OgAstorga · on Nov 2, 2022

Can I get an invite link?

jamez · on Nov 2, 2022

No need to be invited. Between their GitHub[1] page and the documentation[2], you'll find everything you need to get started.

[1] https://github.com/coqui-ai/TTS [2] https://tts.readthedocs.io/en/latest/

forgingahead · on Nov 3, 2022

How long did you train the models for each speaker, and what hardware were you using?

jamez · on Nov 4, 2022

It was fine tuning, so the process was a lot faster than I originally anticipated. I'd say it was between 36 and 72 hours for each voice. I have been working on a gradient notebook provided by Paperspace, which guaranteed me A6000 instances (48GB GPU RAM) at a reasonable flat rate. I discovered them after being repeatedly frustrated by the random allocation of GPUs on colabs pro+ plan.

hanselot · on Nov 3, 2022

How much input audio would you need to produce audiobook quality? Hint Hint...

blueberrychpstx · on Nov 2, 2022

https://coqui.ai?referralCode=q8jfhfs&refSource=copy help us move up the list!

biztos · on Nov 2, 2022

I don’t know if this is useful, but Herzog has a distinctly Bavarian accent.
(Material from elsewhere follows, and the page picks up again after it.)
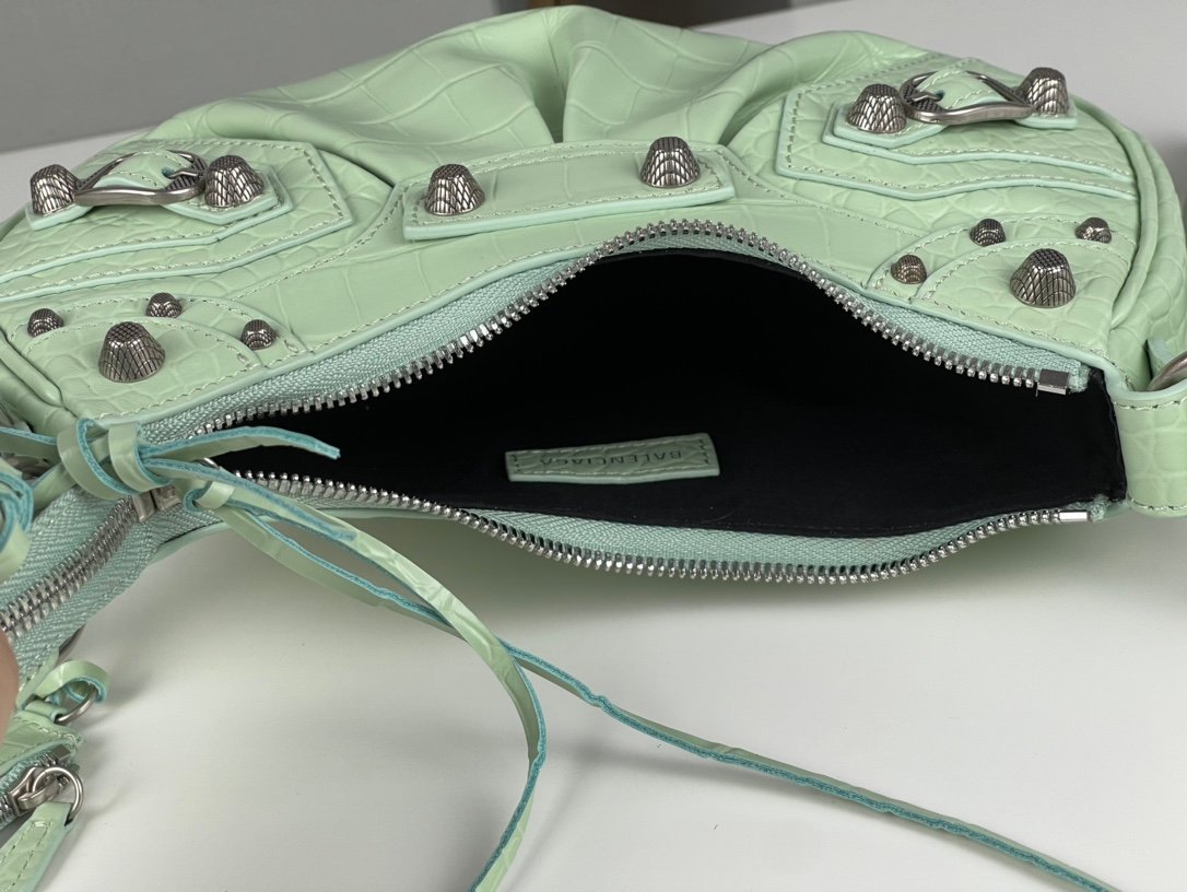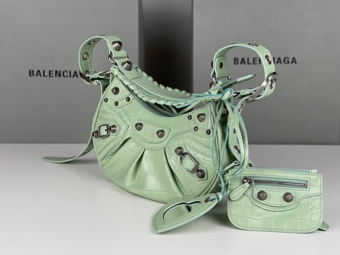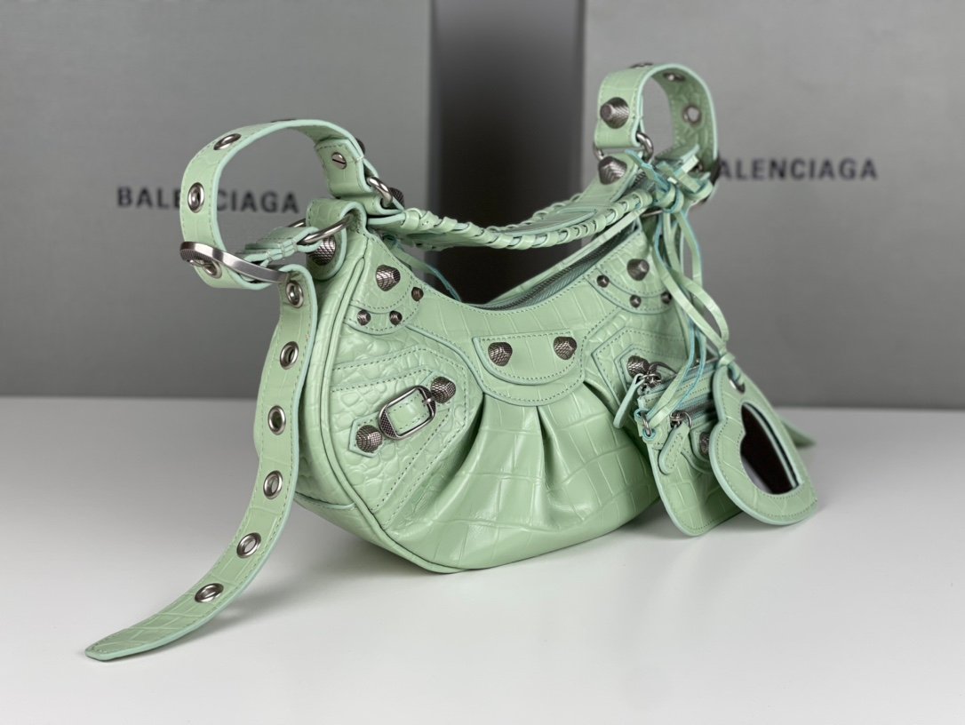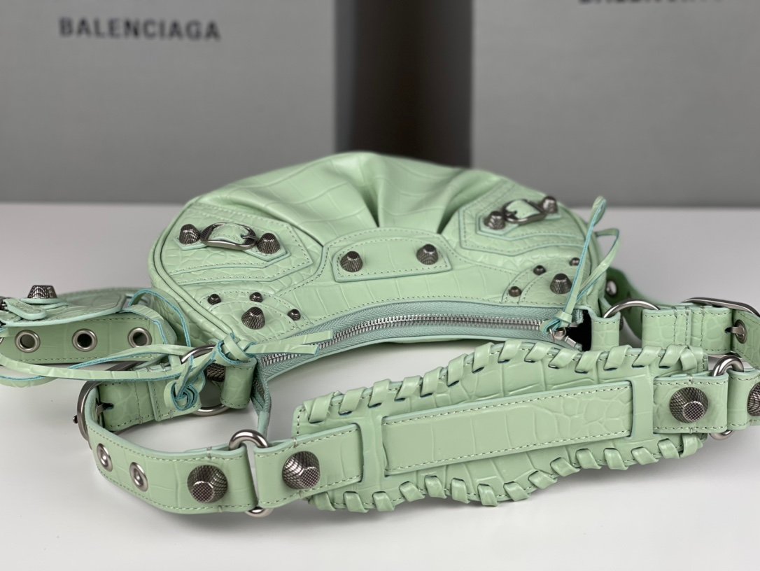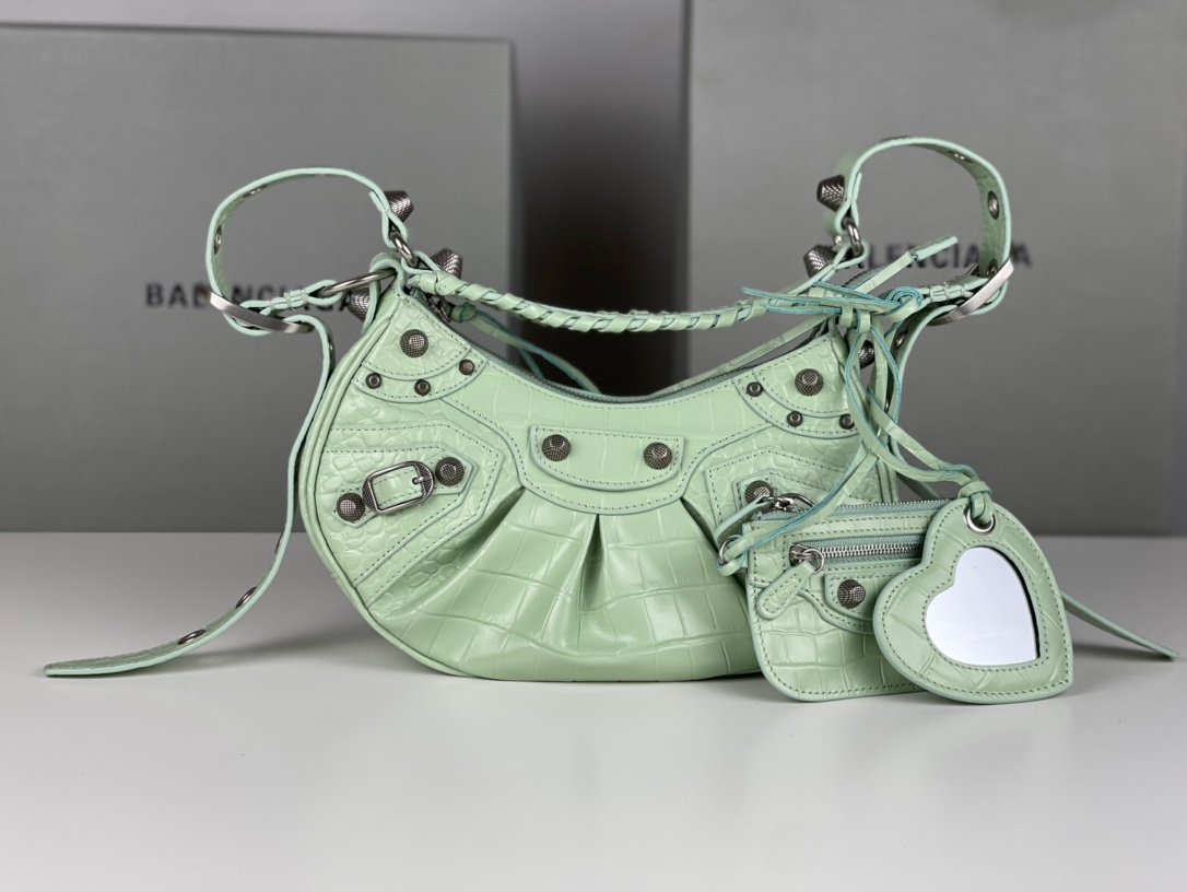 🔘 Crocodile Mint Green 🔘 Shipping ✔️nBalenciag Le Cagole Half Crescent Armpit Dumpling Bag n Tribute to the classic biker bag series of the new king of the bomb debut la ~ in the traditional biker bag to improve on the traditional braided shoulder strap additional eyelets and hanging leather card holder, heart-shaped mirror ♡ along with the classic elements of the bikes! The details are very elaborate The upper body is simply obsessed n retro rate Full of rock and roll breath of bold and edgy Spicy Girls Ben Hot must be manually a love! n Model No.: 701 Small n Size: L26XH16XW10CM

And of course has spent most of his adult life far from there, so it’s not quite Bavarian either.

Training a Herzogbot on recordings/transcriptions of, say, Kinski would be a waste of time accent-wise.

muted_pigment · on Nov 2, 2022

Good stuff. I have a question. How did you align the transcribed interview with the audio?

jamez · on Nov 2, 2022

I use Aeneas[1], a set of tools to do force alignment. I found it in equal measures an amazing and a hard to navigate resource. Took me a while to set up and configure everything to the point that it was usable. But when it works, it works well.

[1] https://github.com/readbeyond/aeneas

eggoa · on Nov 3, 2022

How much manual pruning/selection from the generated text do you have to do?

jamez · on Nov 3, 2022

At this point, zero. The framework I built automatically rejects certain patterns that are not conducive to an interesting conversation. The only thing I still do manually, and I think I will automate, is to decide when to stop a generated segment.

eggoa · on Nov 3, 2022

Impressive!

nortonham · on Nov 2, 2022

oh and zizek needs more sniffles lol

jamez · on Nov 2, 2022

The main issue is that there was no sniffling symbol in the transcript. And the generated text wouldn't contain it either, because (thankfully) they are pruned out of written interviews that I used to train the model.

steve_adams_86 · on Nov 2, 2022

Thanks for the explanation. I had some assumptions but wasn’t totally sure how this was trained.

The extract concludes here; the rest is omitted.